Opinion: When forming a business partnership, give thought to its potential end
By Kathleen J. Smith
Business partners, seeking to make their fortunes, form their limited liability companies at a moment when they expect to work together indefinitely, with goodwill between them and nothing but cooperation as their modus operandi.
At this time in a business partnership, the idea of distrusting their business partner and needing to dissolve the LLC is furthest from their minds. Commerce demands their attention, and they may forget to sign their operating agreement after they register their LLC with the California Secretary of State.
What happens when dissension leads one partner to reject the terms of the unsigned operating agreement, simply because they never signed it? Answer: they probably have to honor it anyway.
LLC Operating Agreements (“OA”) are governed by the law of contracts. The National Conference of Commissioners on Uniform State Laws, Uniform Limited Liability Company Act. last amended in 2013, states in the discussion of the definition of “Operating Agreement” the following: “An operating agreement is a contract, and therefore all statutory language pertaining to the operating agreement must be understood in the context of the law of contracts.”
Every contract requires consenting parties.
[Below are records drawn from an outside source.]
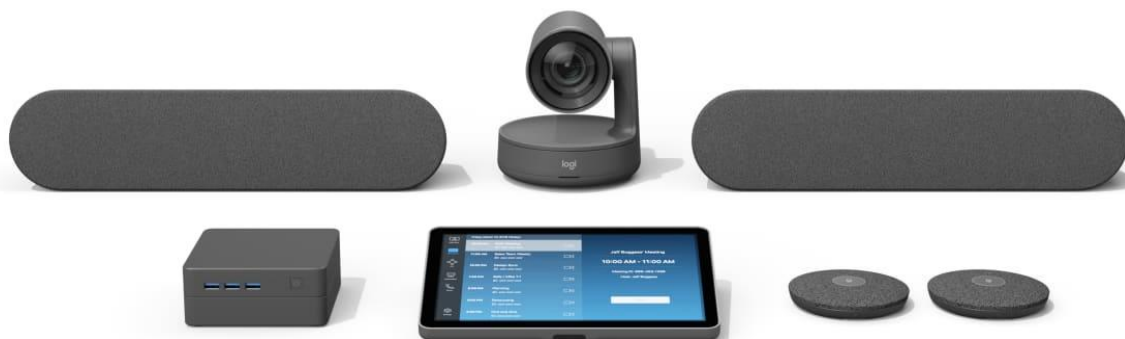
Figure 4: Logitech Rally Plus in a Zoom Rooms Bundle including a Logitech Tap Controller

Rally Plus is a modular video conferencing system that includes a 4K motorized pan/tilt/zoom camera, two speakers, and two mic pods. Rally Plus can support up to seven mic pods.
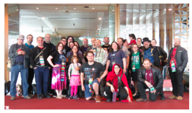
Some of the Israeli fans at Dublin2019.
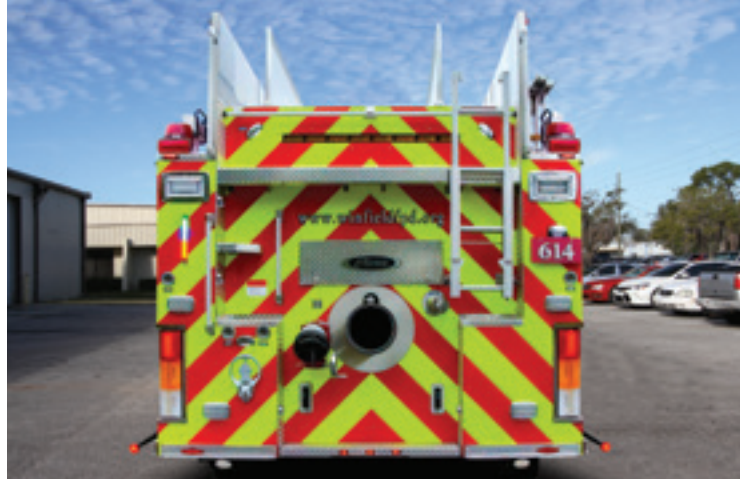
Rear dump. Shown on a commercial dry-side tanker.
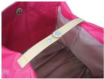
Convertible bag size by the hook.
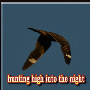
hunting high into the night
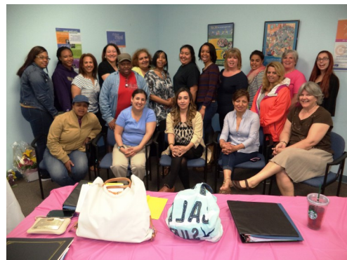
2013-2014 In-person Infant Toddler CDA Class Graduates
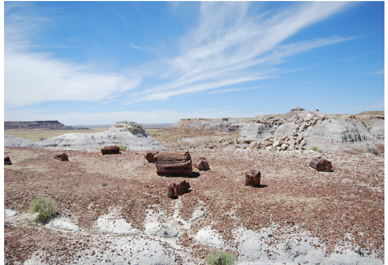
View looking northwest

The end of the road looped around a geological feature called Eagle Nest Rock. The feature fell in January 1941 after a period of unusually heavy rain. However, you can still see the base in the center of the loop.
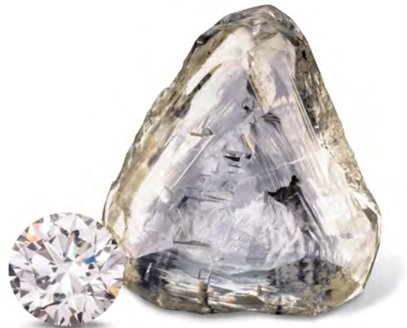
Rough and polished diamonds

Requirements subject to change; students will be given advanced notice of changes.
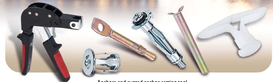
Anchors and rugged anchor setting tool
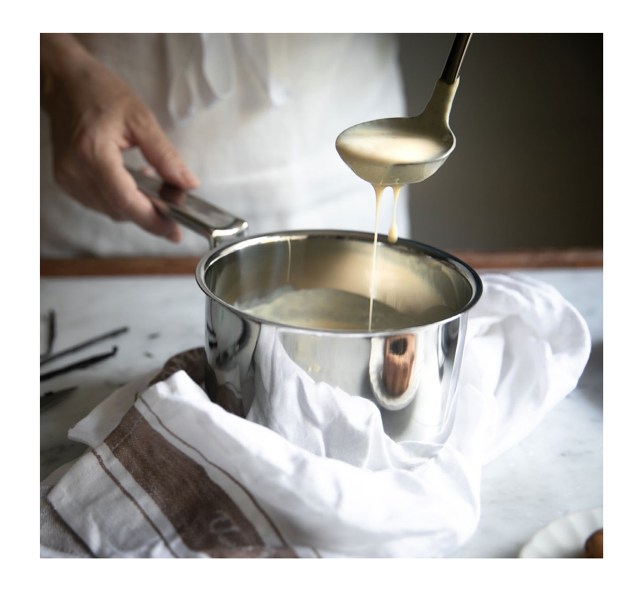
The kitchen is now the restaurant Campden Cookware 2.2L Saucepan £64.00 Signature Storage Jars from £16.00
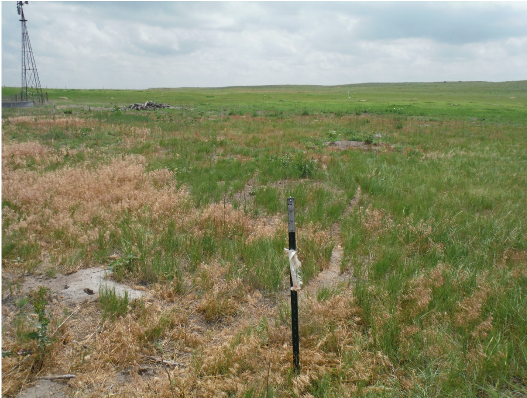
Permit boundary marker located on the curve around the windmill, permit is 200' around the structure; looking south.

Don Marr Yuma County 1310 S. Blake St. Wray, CO 80758
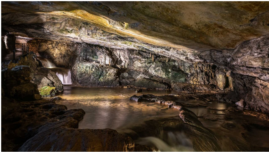
St. Beatus-Höhlen
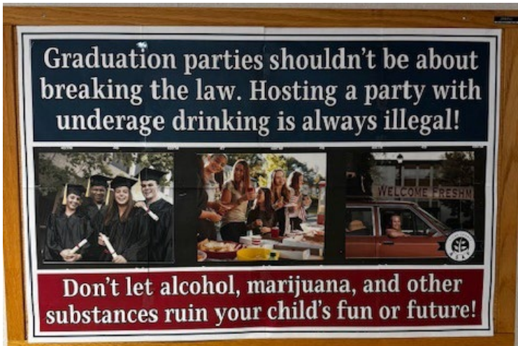
Small Bulletin Board, HHS Building, June 2024

A party’s consent is gathered from the reasonable meaning of her words and acts, and not from any unexpressed intentions or understanding. For instance, your partner’s consent is demonstrated when they comply with a term in the OA — like asking the co-member to consent to a transfer of their membership to their trust. Or perhaps your partner will cite the OA in a legal document, like, when the LLC applies for a bank loan.
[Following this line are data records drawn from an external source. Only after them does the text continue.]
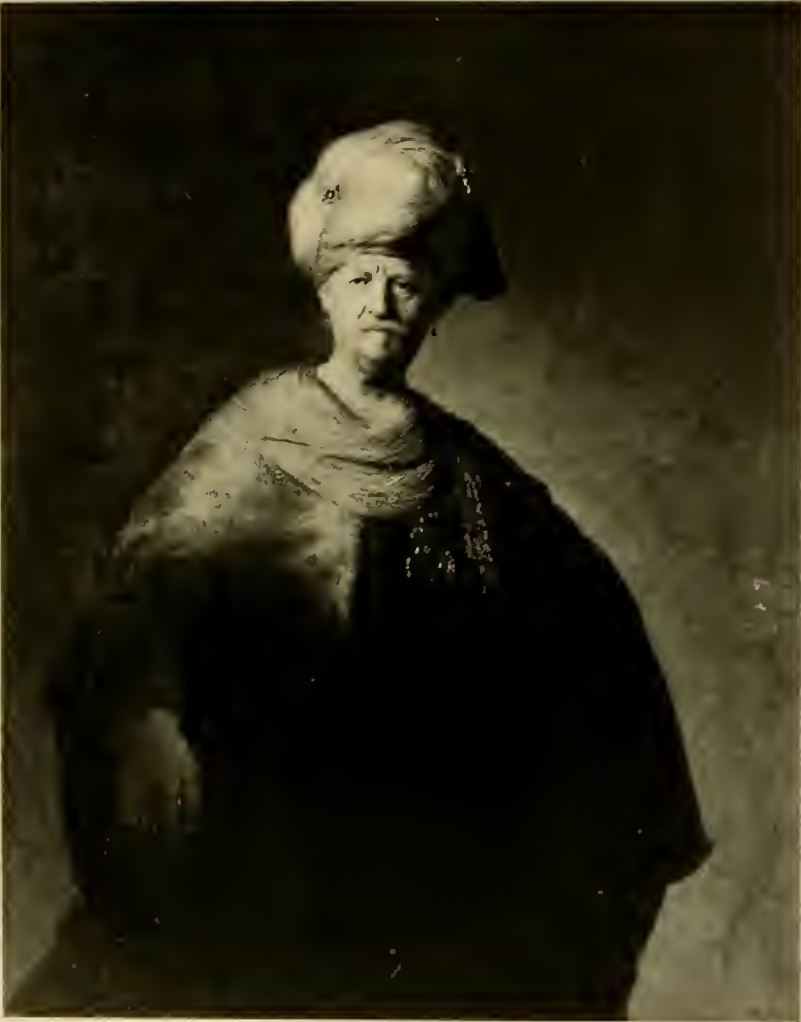
THE NOBLE SLAV BY REMBRANDT
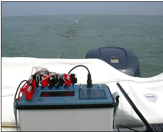
Graphite electrodes floating cable connected to SYSCAL Pro DM unit

The standard spacing between takeout is 4 meters ; cable with other spacing can be supplied to match your requirements.
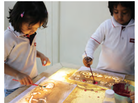
Experimenting on the light table by combining two different media

Such consent can also be evidence of ratification of the unsigned OA. Ratification arises when your partner benefits from the bank loan based on their signed certificate of incumbency. If your LLC stands to receive income as a result of a loan — perhaps enabling investment funds to be leveraged geometrically with borrowed funds — then ratification can arise.
California Civil Code section 2310 states: “A ratification can be made only in the manner that would have been necessary to confer an original authority for the act ratified, or where an oral authorization would suffice, by accepting or retaining the benefit of the act, with notice thereof.”
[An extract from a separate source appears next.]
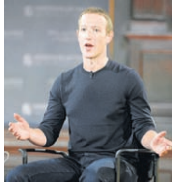
Mark Zuckerberg speaks at Georgetown University, on Oct. 17, 2019, in Washington.

Yesterday's Cryptoquote: YOU CAN TELL A LOT ABOUT A PERSON BY THE WAY (S)HE HANDLES THREE THINGS: A RAINY DAY, LOST LUGGAGE, AND TANGLED CHRISTMAS TREE LIGHTS. — MAYA ANGELOU
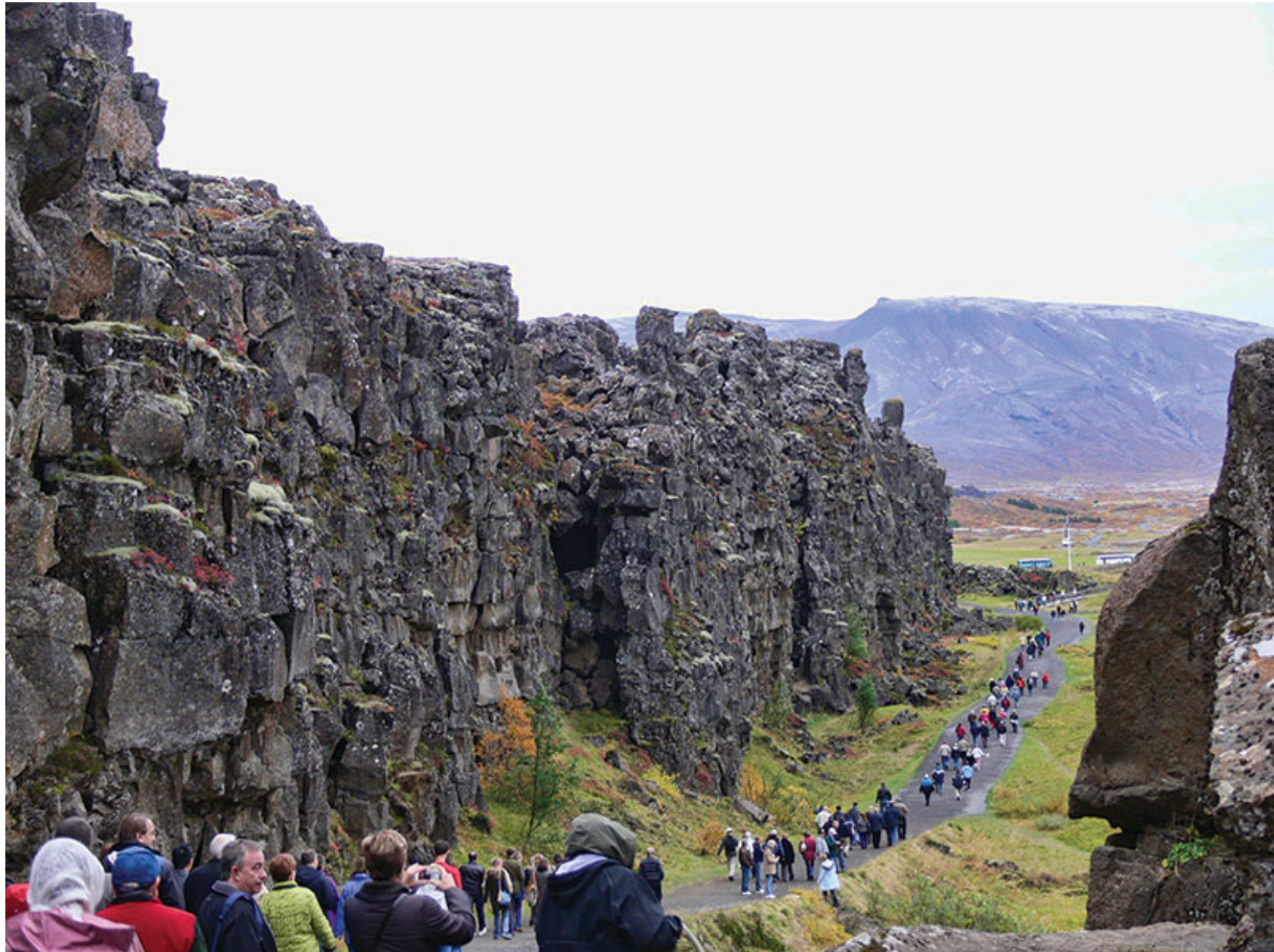
Figure 5. This rock outcrop in Iceland is a visible portion of the Mid-Atlantic Ridge and is the easternmost edge of the North American plate. Today, it is a popular destination for tourists in Iceland.

In Rakestraw v. Rodrigues (1972), ratification was found where the signer Rakestraw, whose signature was forged on a deed of trust, did nothing to repudiate the challenged signature because she anticipated receiving monetary benefits from the mortgaged property. In Rakestraw, the court found that the forger was acting as agent for principal Rakestraw. On that basis, the court held that any requirement that the ratification be done in writing was inapplicable. Written ratification required under California Civil Code section 2310 was not intended to apply to a ratification as between a principal and agent.
Consent and ratification are two classic contract principles that support validation of the unsigned OA. If your partner is repudiating your unsigned OA, look back over the years for indicia and evidence of consent and ratification. It’s probably there.
• Kathleen J. Smith is an experienced civil litigator and an attorney with Schneiders & Associates, LLP in Oxnard.